Does The Kindle Spell The End For Books In Print?
The ever-growing kindle popularity proves a threat to bookstores and libraries alike but will Amazon’s nifty little product fully eradicate the leather-bound books we have grown to know and love?
While I was researching this impediment I discovered e-book revenue alone accounts for 17.5% of Penguin’s global revenue. I also found that as the e-book profits rose publisher profits dropped and by 12% according to thebookseller.com. This statistic alone shows the impact that digital-life creates and in turn raises a concern for me and my compact bookshelf.
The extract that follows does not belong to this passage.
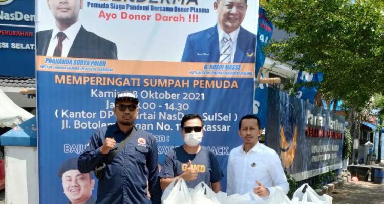 Peringati Sumpah Pemuda, DPW Garda Pemuda NasDem Sulsel Gelar Donor DarahNews, Politik, Regional|October 28, 2021October 28, 2021by Andhika IdrisOnline24, Makassar – DPW Partai NasDem Provinsi Sulawesi selatan melalui DPW Garda
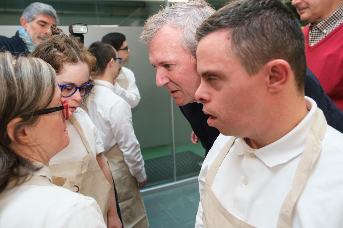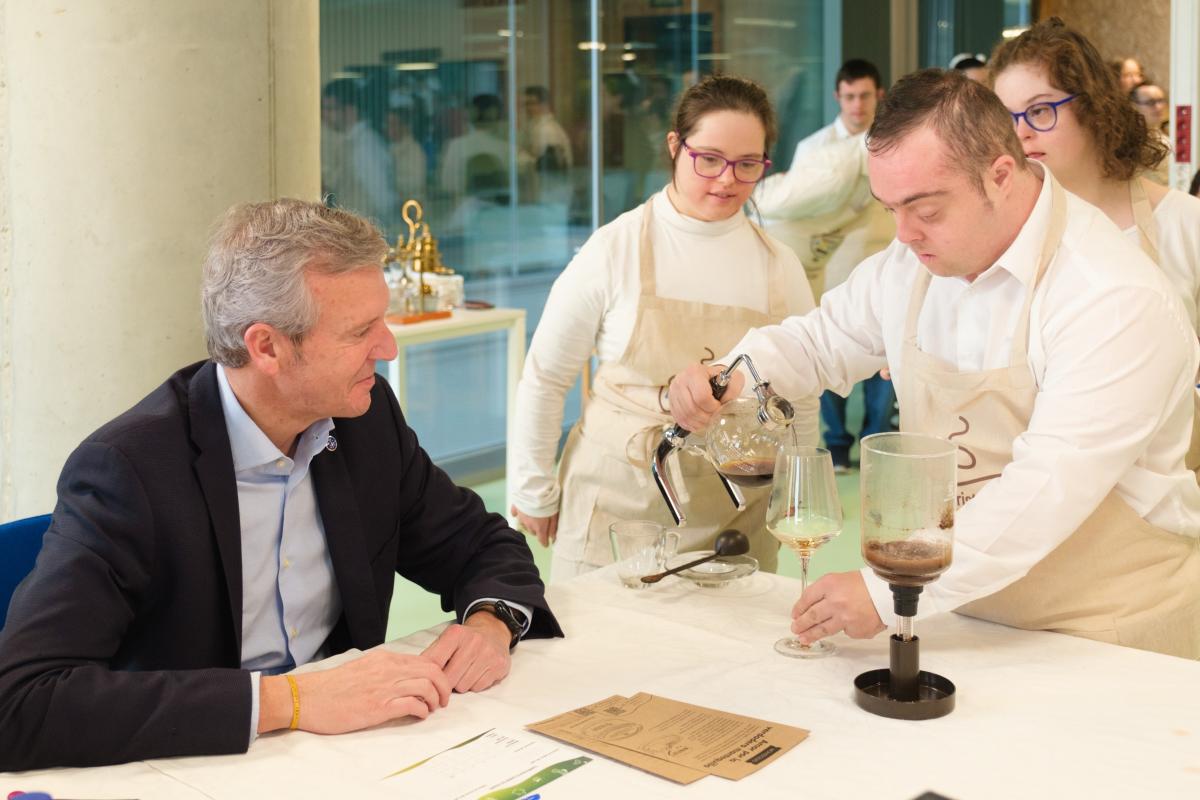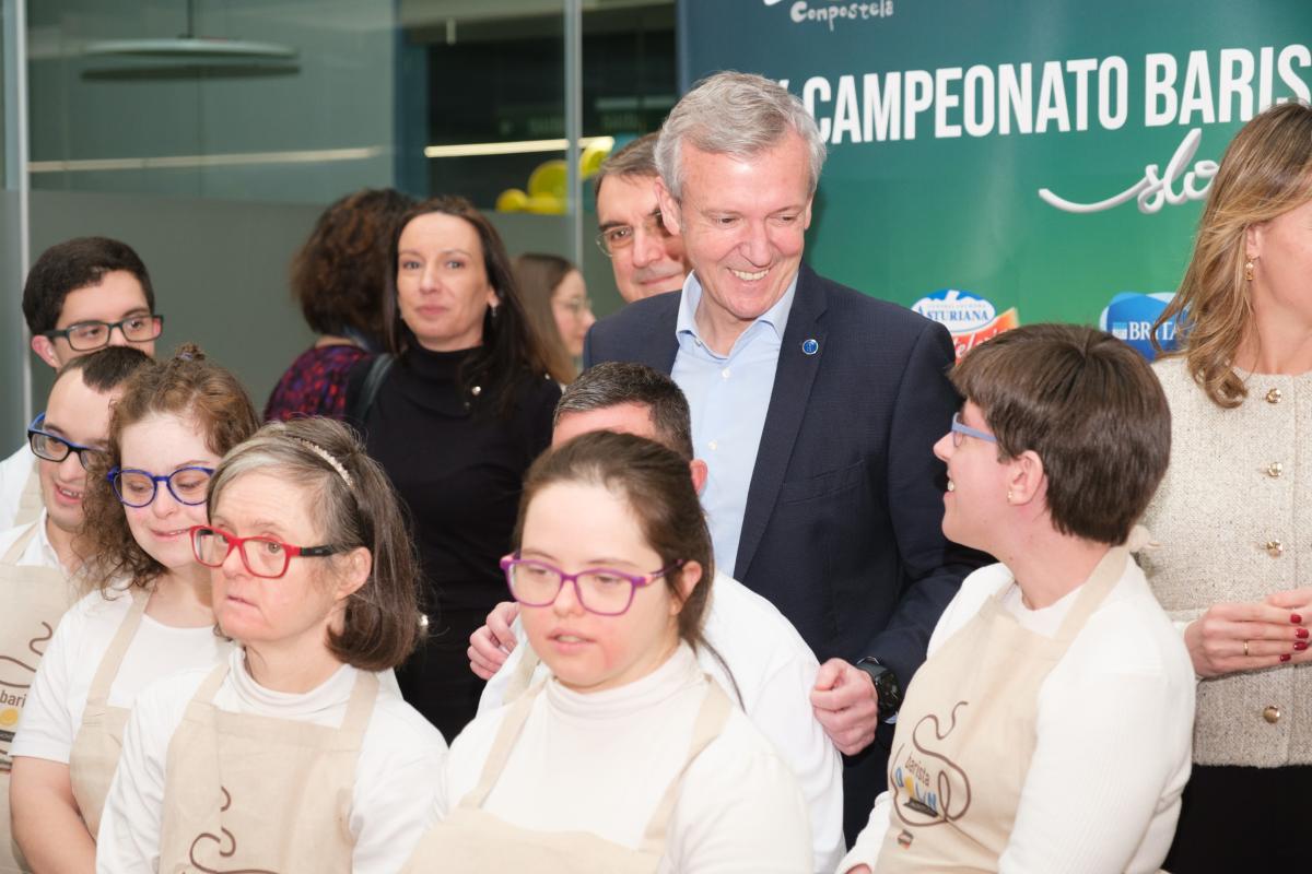 O presidente da Xunta, Alfonso Rueda, acompañado da conselleira de Política Social e Xuventude, Fabiola García, achegouse esta mañá ao X Campionato Barista Down 2024 que se celebra en Santiago de Compostela.

The Kindle can’t fake the pleasures printed book gives: the musty smell, the tear-stained pages, the rifling through pages and pages of beautiful words. The Kindle is just a weak representation of printed books. It may have highlighted words, dictionaries and wi-fi but it doesn’t hold the same value as books hold. However, regardless of all that, it still remains popular.
I personally am devoted to books in print. I have used a Kindle however, I could never concentrate whether I was reading Aesop Fables or Pride and Prejudice. I do have to admit the kindle has its advantages. Kindle saves trees and can store thousands of e-books but to me the kindle can never evoke the same emotions as a print book can.
I am a bit over-protective when it comes to my books; that means no food and I mean no food has a place near my library; some rule I had to enforce a while back after seeing my brand-new book tarnished with strawberry jam as a result of my sister and her sticky fingers. But one thing I love about books is the signs of age. That means the yellowing of pages and the breaking of the spine which is something you can’t see in e-books; it means the memories the book holds and the journey it has been through. If books could talk I would have a fair bit of explaining to do. The general wear and tear tells the world the book has been loved and the book is mine. That copy of ‘where rainbows end’ is my copy of ‘where rainbows end’ and mine alone.
The bottom line is readers want low prices but is that really the same as fair prices? On a Kindle it is easy to copy and distribute e-books and, while that may be free, it is piracy. For those not brushed up on their basic law piracy is illegal and means the author, whose time and tears spent on the book you are reading, gets no pay-out. Is that really fair? With a printed book you know the author and the people involved in making the book is well-off. In fact you could say printed books is the new, or rather old, fair trade.
In conclusion, I have to say Kindle won’t spell the end for books in print. It may mean printed books will lose some of its followers but readers such as me will always be devoted to the paperbacks and hardbacks we have grown up with.